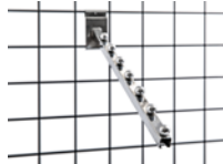
7-Ball Waterfall Grid Attachment #50242 Silver Also Available for Slat Wall #50243
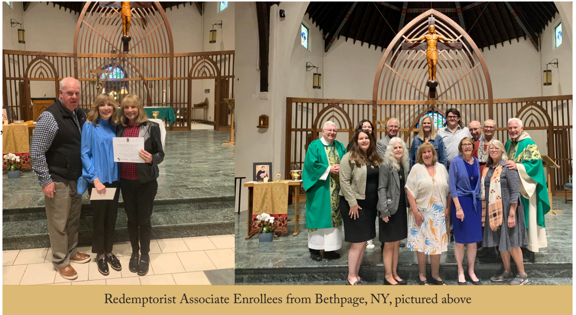
Redemptorist Associate Enrollees from Bethpage, NY, pictured above
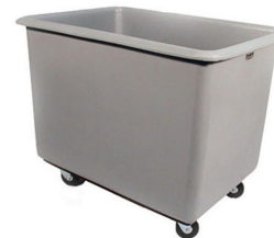
Industrial Laundry Truck
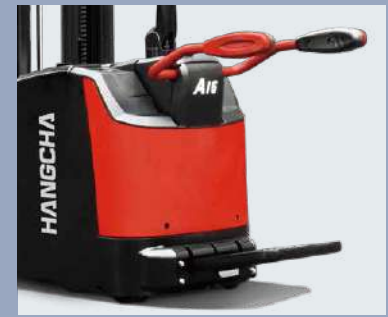
The integrated stamping molded guardrail offers better protection for the operator

▶ What is expected: Return exactly what appears from the opening line of the material through the line with "Industrial Laundry Truck", apart from the pictures.

▶ Written solution:
7-Ball Waterfall Grid Attachment #50242 Silver Also Available for Slat Wall #50243
Redemptorist Associate Enrollees from Bethpage, NY, pictured above
Industrial Laundry Truck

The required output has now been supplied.